The meditation of the big poem at the center, “American Beauty,” is how to “learn art” today—how, given the problems and climates conjured in the first two sections, to educate oneself. In keeping with the book, the particularities are film. What should the looker look for? What should the consumer of art learn? Jollimore colloquializes this heavy, old discussion with the “corruption of our youth” theme, perhaps even older (given Socrates was convicted for it). He speaks to the adult about kids:
Let’s tell them, in fact,
that the movies are positively
bad for them.
Because, first of all,
there’s some truth to that.
And because, secondly,
they understand better
than the rest of us, sometimes,
that getting too much of what’s good for you
is not always good for you.
One of America’s many euphemisms for education is “to go outside.” Jollimore voices that, but points the kids in the direction of the movie theater. What will they learn there? To look at evil from where good is, and then at good from where evil is. The corruption of the youth is the disruption of what is called good—of showing different perspectives, which so much art has done so well for so long. The education of art is nothing less than the freedom of a mind when art shifts what had been fixed perspectives.

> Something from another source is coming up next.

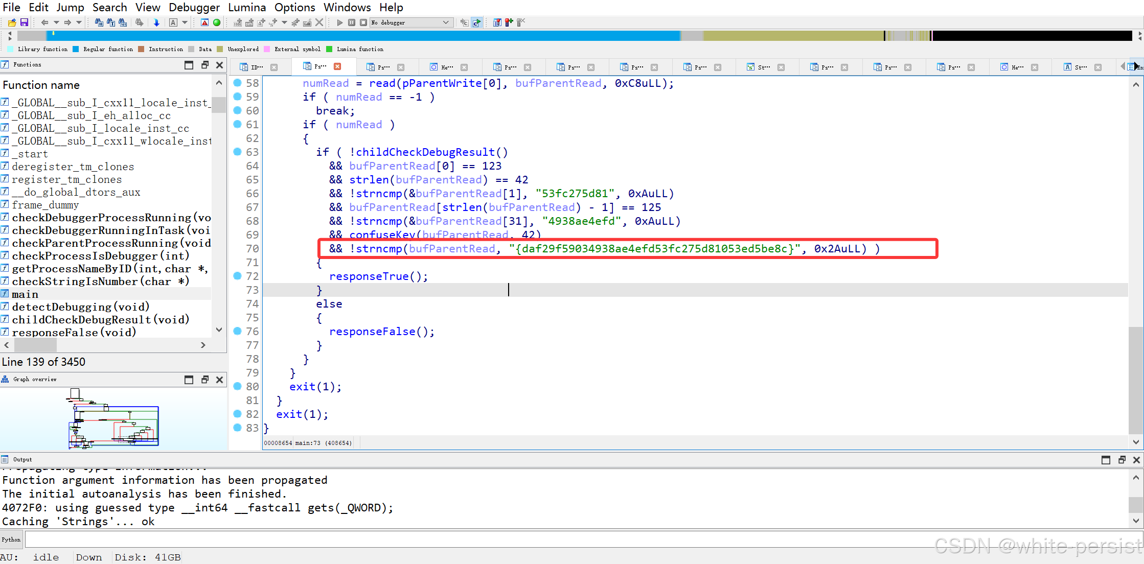 ptrace、checkDebugger等函数时,优先静态分析(无需动态调试),因关键逻辑通常在字符串处理。 - 格式特征利用 :CTF 中 flag 常为固定长度(如 32/42 字符)、含特定符号(如

To get back to where we started, Jollimore reminds us of the ever-present nature of a view:
no viewing is privileged, no viewing comes closer
than any other viewing to being a genuinely
‘true’ or ‘real’ experience (whatever, in this context,
true or real might mean), and there is therefore
no way to attach to a film a precise date
and time.
“The Adventure”
In this sense, nothing can be “re-read” since it’s not a duplication, it’s not the thing done over, but something new: a new production of Cat on a Hot Tin Roof, or the Mass in B Minor heard at age sixty versus twenty, or “Soonest Mended” read again the next day because you wanted again the same sad feeling you got when you read the end, but it didn’t come the second time. The viewer has no choice but to see it now, but the experience is always that it’s already happened, and you’re a little late: “that world, that Italy, that cinematic / moment, have vanished. . .” This seems unfair, to be constantly arriving late, having missed the moment, and Jollimore ruminates:
It is perhaps
the cruelty of the world, or perhaps just the cruelty
of art, which depicts and pretends to preserve
the world, to keep this vanishing constantly in view
We accept his first “perhaps,” but cannot believe the second. If the cruelty of representation—of art—is that it pretends to be real, while it is as memory is to living, that cruelty is of the world it is a part of, and not of its making. “The world” is the world of human experience, which is always already happening: things gone recollected. That Jollimore knows this is clear, but our frailty is such that we will hate the messenger that tells us what the truth is before we would hate the truth, and art is the messenger from the world.